═══ Data extract
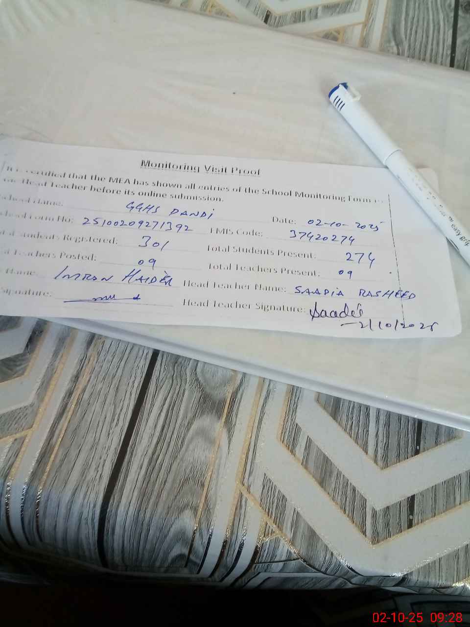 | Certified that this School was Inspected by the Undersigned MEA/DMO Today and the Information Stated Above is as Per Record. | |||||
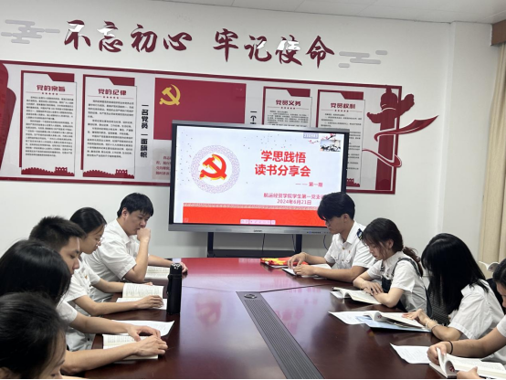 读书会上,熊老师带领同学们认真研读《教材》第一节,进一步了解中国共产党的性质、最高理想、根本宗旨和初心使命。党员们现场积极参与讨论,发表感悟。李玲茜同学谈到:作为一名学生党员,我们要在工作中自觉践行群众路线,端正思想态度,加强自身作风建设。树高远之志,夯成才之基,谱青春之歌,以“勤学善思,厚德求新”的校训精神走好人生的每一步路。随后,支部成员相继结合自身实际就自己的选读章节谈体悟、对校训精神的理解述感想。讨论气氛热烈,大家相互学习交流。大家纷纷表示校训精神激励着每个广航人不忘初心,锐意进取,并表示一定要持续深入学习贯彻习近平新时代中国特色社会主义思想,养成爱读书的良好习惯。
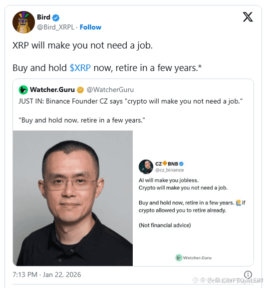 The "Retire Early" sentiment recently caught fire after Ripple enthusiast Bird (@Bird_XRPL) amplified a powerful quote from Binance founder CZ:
══════
Output the full listing verbatim, but drop the images.

• **Solution to this problem**:
 | Certified that this School was Inspected by the Undersigned MEA/DMO Today and the Information Stated Above is as Per Record. | |||||
 读书会上,熊老师带领同学们认真研读《教材》第一节,进一步了解中国共产党的性质、最高理想、根本宗旨和初心使命。党员们现场积极参与讨论,发表感悟。李玲茜同学谈到:作为一名学生党员,我们要在工作中自觉践行群众路线,端正思想态度,加强自身作风建设。树高远之志,夯成才之基,谱青春之歌,以“勤学善思,厚德求新”的校训精神走好人生的每一步路。随后,支部成员相继结合自身实际就自己的选读章节谈体悟、对校训精神的理解述感想。讨论气氛热烈,大家相互学习交流。大家纷纷表示校训精神激励着每个广航人不忘初心,锐意进取,并表示一定要持续深入学习贯彻习近平新时代中国特色社会主义思想,养成爱读书的良好习惯。
 The "Retire Early" sentiment recently caught fire after Ripple enthusiast Bird (@Bird_XRPL) amplified a powerful quote from Binance founder CZ:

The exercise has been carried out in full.